A Clean, Well-Lit Place for Spectra
Bonnie Swoger, Science and Technology Librarian at SUNY Geneseo asks a very interesting question on the CHMINF-L mailing list:
Theoretical question here from a still-new science librarian:
Let's say that a faculty member wants a particular spectra (IR, NMR, etc). He has exhausted the free options (available on many of the excellent guides put together by many members of this list) and the spectra available in SciFinder (which we subscribe to). We don't subscribe to any other specialty chemical databases that provide this information.
What would his options be? With our shrinking budgets, I would be hard pressed to justify subscribing to one of the spectra databases, especially since it would get limited use.
Is there a way to "ILL" particular spectra? Or would the faculty member need to determine which journal article a spectra appeared in and ILL that? Or are there other options?
This question is purely theoretical at this point. Faculty members have asked me about additional access to spectra, but there hasn't been a lot of follow-up.
Any guidance you can provide would be useful!
For those not familiar with the term, "ILL" means "Inter Library Loan" - a method for a library to offer materials by borrowing them from other libraries.
There are several services, commercial and free, that I could mention. The problem is that none of them make it easy to get a spectrum that isn't already in "the collection".
For that, we need a new kind of spectroscopy marketplace. One built on the principles of openness and peer-review. One that's free to use in every sense of the word. One that takes advantage of the best technologies the Web currently has to offer to enable scientists' innate desire to help each other and make their results widely known.

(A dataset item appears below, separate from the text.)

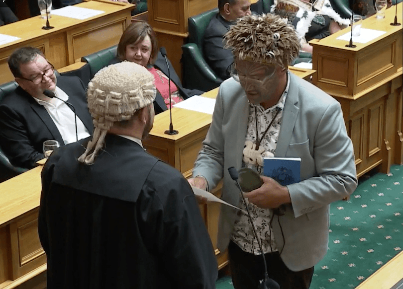 Not covered by the parliamentary rules, however, is what MPs can and can’t do before they get up to the table to swear the oath. And so, when called on to come forward, Te Pāti Māori’s MPs first stood at their seats and delivered a kind of “pre-oath” pledge of allegiance to Te Tiriti o Waitangi, tikanga and mokopuna. They then came forward and took the oath using the formal wording as required by law.

Chempedia may offer a glimpse of what this new kind of service could look like. In Chempedia, scientists themselves take center stage. We're currently working on ways to take this simple idea in innovative directions. Chempedia's problem domain is substance registration (on which nearly all chemistry information resources depend), but the approach can be applied to any area - for example, spectroscopy.
If you're looking for ways to make big contributions to the scientific enterprise through information technology, create the solution to Bonnie's problem.